3.1 Geometry of unbiased gradient oracle
In this section, strongly convex SGD is treated as a concrete optimization object rather than a slogan. The goal is to understand how it changes the objective, the update rule, the convergence story, and the diagnostics a practitioner should inspect when training a modern model. For Stochastic Optimization, the phrase "Geometry of unbiased gradient oracle" means a precise mathematical habit: state the assumptions, write the update, identify what can be measured, and connect the result to a real AI training decision.
Definition.
For this section, strongly convex SGD is the part of Stochastic Optimization that controls how the objective, feasible region, or update rule behaves under the assumptions currently in force.
Symbolically, we track it through , , , , and any auxiliary state used by the algorithm.
Examples:
- A small synthetic quadratic where strongly convex SGD can be computed directly and compared with theory.
- A logistic-regression or softmax objective where strongly convex SGD affects optimization but the model remains interpretable.
- A transformer training diagnostic where strongly convex SGD appears through gradient norms, update norms, curvature, or validation loss.
Non-examples:
- Treating strongly convex SGD as a hyperparameter recipe without checking the objective assumptions.
- Inferring global behavior from one noisy minibatch when the section requires a population or full-batch statement.
Useful formula:
Proof sketch or reasoning pattern:
Start with the local model around , isolate the term involving strongly convex SGD, and use the section assumptions to bound the change in objective value. If the assumption is geometric, the proof turns a picture into an inequality. If the assumption is stochastic, the proof takes conditional expectation before applying the bound. If the assumption is algorithmic, the proof checks that the proposed update is a descent, projection, or preconditioning step. This pattern is reusable across optimization theory.
Implementation consequence:
- Log a metric that makes strongly convex SGD visible; otherwise a training run can fail while the scalar loss hides the cause.
- Compare the measured update with the mathematical update below before blaming data or architecture.
- Keep units straight: parameter norm, gradient norm, update norm, objective value, and validation metric are different objects.
Diagnostic questions:
- Which assumption about strongly convex SGD is most fragile in the current training setup?

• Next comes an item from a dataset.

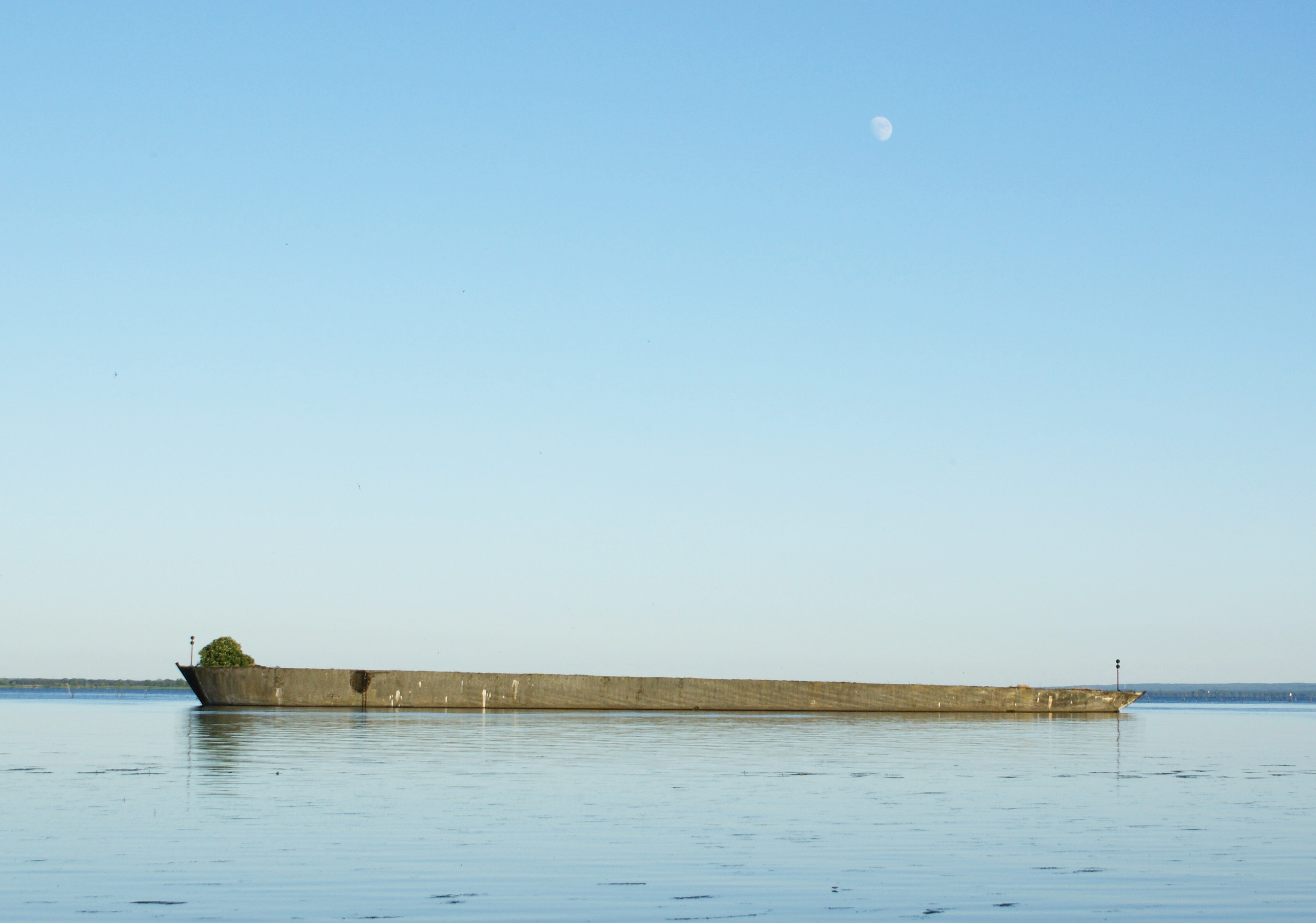 Hulk of German concrete ship "Urlich Finsterwalde" in the north part of Dabie See in Szczecin (NW Poland)

- What number would you log to catch the failure one thousand steps before divergence?
AI connection:
- minibatch training for deep networks and transformers.

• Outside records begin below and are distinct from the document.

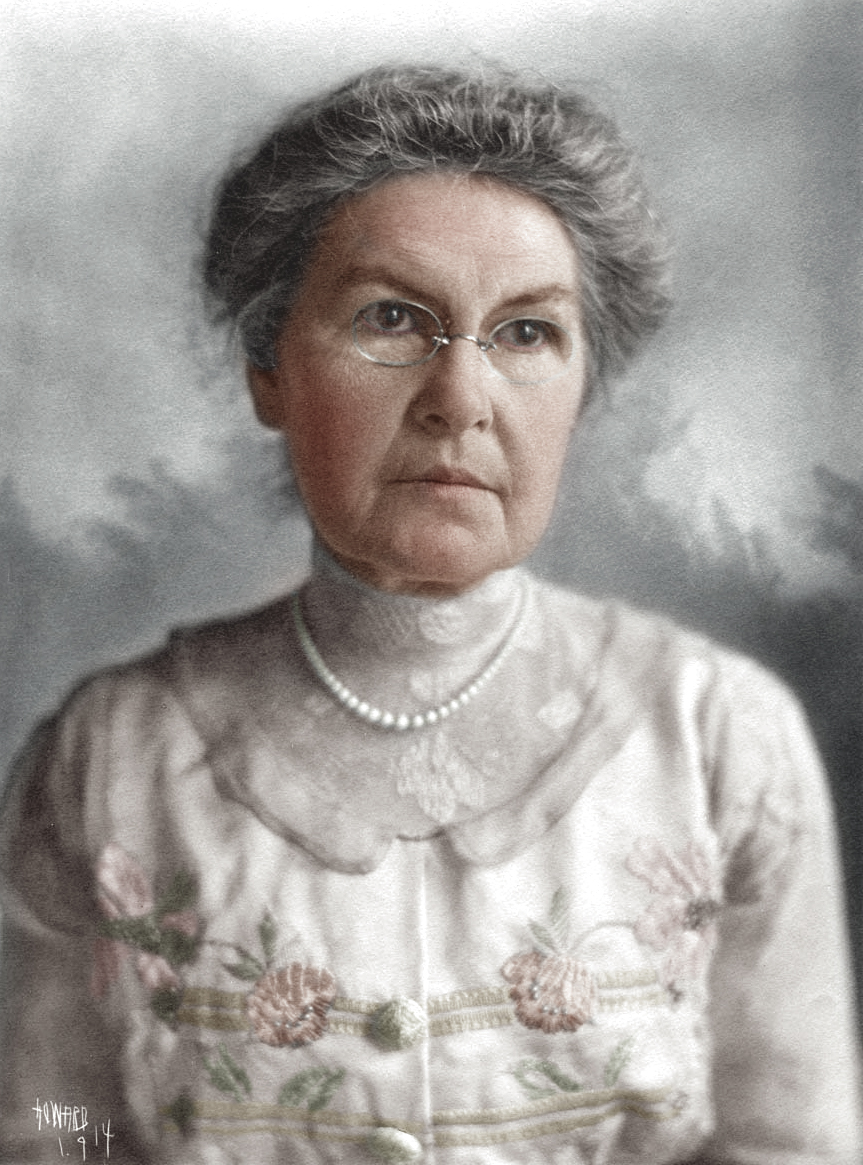 Clara Hesperia Bannister Congdon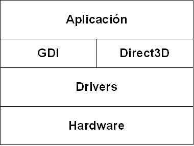 Direct3D Abstract Layer. Spanish version. You can also get the English version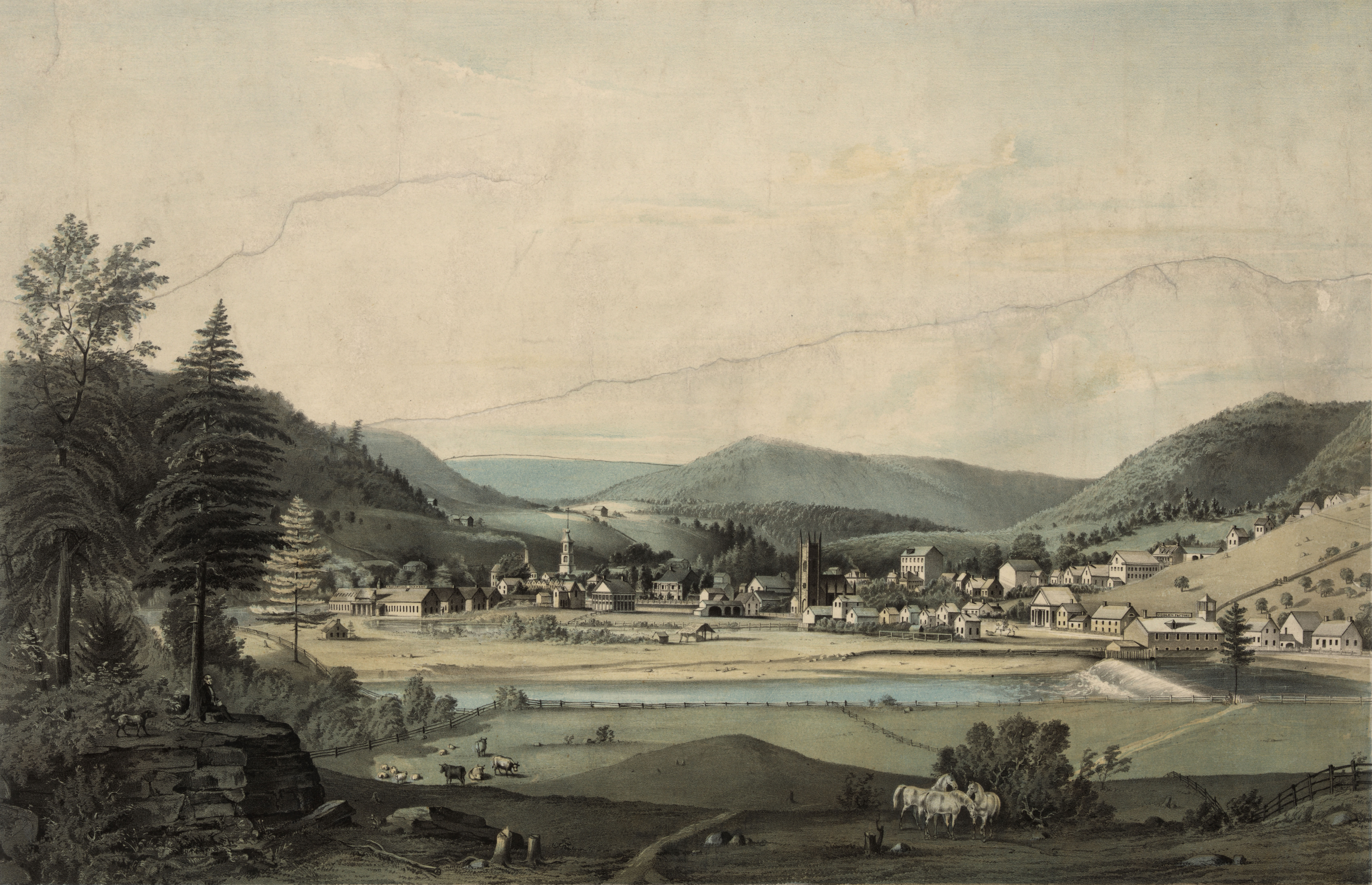 A drawing and lithograph of Prattsville from 1844. The text below the drawing reads: VIEW OF PRATTSVILLE, GREENE Co. N. Y. 1844. Presidence of the Hon. Zadock Pratt. A. M. Prattsville Tannery, BUILT IN 1825, SINCE WHICH ONE MILLION SIDES OF SOLE LEATHER, HAS BEEN TANNED WITH HEMLOCK BARK.

- batch-size and learning-rate coupling in large-scale pretraining.
- distributed gradient averaging under data parallelism.
- variance reduction ideas behind efficient fine-tuning and classical ML solvers.
Local scope boundary: This subsection may reference neighboring material, but the full canonical treatment stays in its own folder. For example, stochastic gradient noise belongs to Stochastic Optimization, external schedule shapes belong to Learning Rate Schedules, and cross-entropy as an information measure belongs to Cross-Entropy.
3.2 Key inequality for gradient variance
In this section, nonconvex SGD is treated as a concrete optimization object rather than a slogan. The goal is to understand how it changes the objective, the update rule, the convergence story, and the diagnostics a practitioner should inspect when training a modern model. For Stochastic Optimization, the phrase "Key inequality for gradient variance" means a precise mathematical habit: state the assumptions, write the update, identify what can be measured, and connect the result to a real AI training decision.
Definition.
For this section, nonconvex SGD is the part of Stochastic Optimization that controls how the objective, feasible region, or update rule behaves under the assumptions currently in force.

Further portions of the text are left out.